These tests have shown that, when comparing these three simple geometries, emission from the illuminated face of the cloud modelled in Cloudy is the best match to the narrow emission line data of NGC 5548. The simplest interpretation is that the NLR we see is emission from the illuminated face of clouds on the far side of the source. Assuming there are absorbing clouds (WAs) closer to the source than the NLR (or on the near side of the source), then absorption of the NLR emission by these clouds would explain the velocity discrepancy seen in the O VII triplet (see Sect. 3.3.2). The problem with this interpretation is that these emission lines are blueshifted, therefore if this emission was coming from the far side of the source the emitting material would be inflowing towards the source, not outflowing from it, as we would expect.
It is very likely that the geometry in this system is more complex than the plane-parallel cloud assumed in Cloudy to cause this, so we cannot be more specific at this stage.
5. Discussion
As previously stated, the 2013−14 770 ks RGS spectrum shows the largest number of soft X-ray narrow emission lines and RRC features ever observed in NGC 5548. In total, fourteen narrow lines and eight RRCs are detected, with upper limits for one more narrow emission line. Due to the low soft X-ray continuum flux during these observations, we identify six narrow lines and six RRCs which had not previously been detected in NGC 5548. We also present new parameters for eight narrow emission lines and two RRCs identified in previous observations of this source.
We detect six of the ten narrow lines found by Steenbrugge et al. (2005); one of their lines (C V f) falls outside our wavelength range, and the other three (Mg XI f, Al XII f and Si XIII f) are in the steep, noisy short wavelength part of our spectrum, so it is very difficult to set stringent limits to their parameters using these data.

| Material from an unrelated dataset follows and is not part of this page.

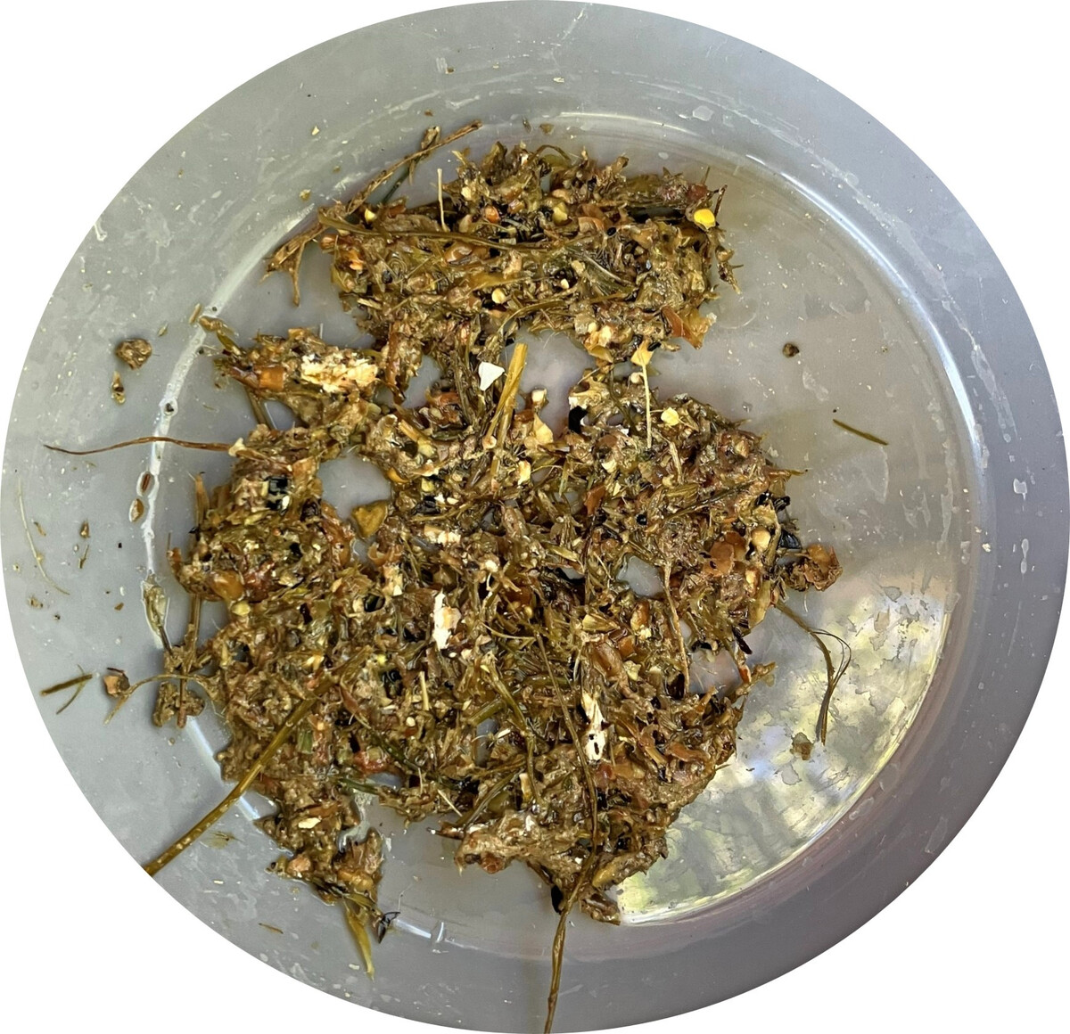 Hierzu wurden fünf repräsentative Kotproben je Probennahmetag zu je 20 g eingewogen und mittels Wasser durch ein handelsübliches Teesieb gewaschen. Das Verfahren wurde standardisiert durchgeführt, was bedeutet, dass immer die gleiche Einwaage, dasselbe Sieb, der gleiche Wasserdruck und die Waschzeit angewendet wurden. Das Verfahren der Kotwaschung ist in der Rinderfütterung ein bereits etabliertes Verfahren, um Rückschlüsse auf die Darm- bzw. Pansenfunktion ziehen zu können.

Using photoionisation models from Cloudy we have constrained the emitting gas to an ionisation parameter of log ξ = 1.45 ± 0.05, column density of log NH = 22.9 ± 0.4 cm-2 and turbulent velocity of log vturb = 2.25 ± 0.5 km s-1. Using the same conversion between the ionisation parameters of ξ and U as in Arav et al. (2015) for the historical SED of NGC 5548 (log ξ = log U + 1.6), we gain an estimate for our emitting gas of log U = −0.15 ± 0.05. We can now compare both the ionisation parameter and column density from this work to similar work on other Seyfert objects (see Table 2 for a summary of previous work). The column density value we find (1022.9 ± 0.4 cm-2) is similar to the highest values found for other objects. For example NGC 4051, NGC 4151 and NGC 1365 (by Nucita et al. 2010; Armentrout et al. 2007; Guainazzi et al. 2009, respectively) are all found to need emitting gas with column densities of the order of 1023 cm-2 in order to model their X-ray NLR emission. Our NGC 5548 ionisation parameter, converted to log U = −0.15 ± 0.05, is lower than most for other Seyfert galaxies, except for the low ionisation component of the three phase model for NGC 4151 (Armentrout et al. 2007). As expected, our ionisation parameter is higher than that needed to model the UV narrow emission lines in NGC 5548 itself (Kraemer et al. 1998). Due to the much higher soft X-ray continuum flux in previous observations of NGC 5548, and therefore a much smaller number of measurable X-ray narrow emission lines, this is the first time photoionisation modelling has been used to constrain the ionisation parameter and column density of the X-ray narrow-line emitting gas in this galaxy.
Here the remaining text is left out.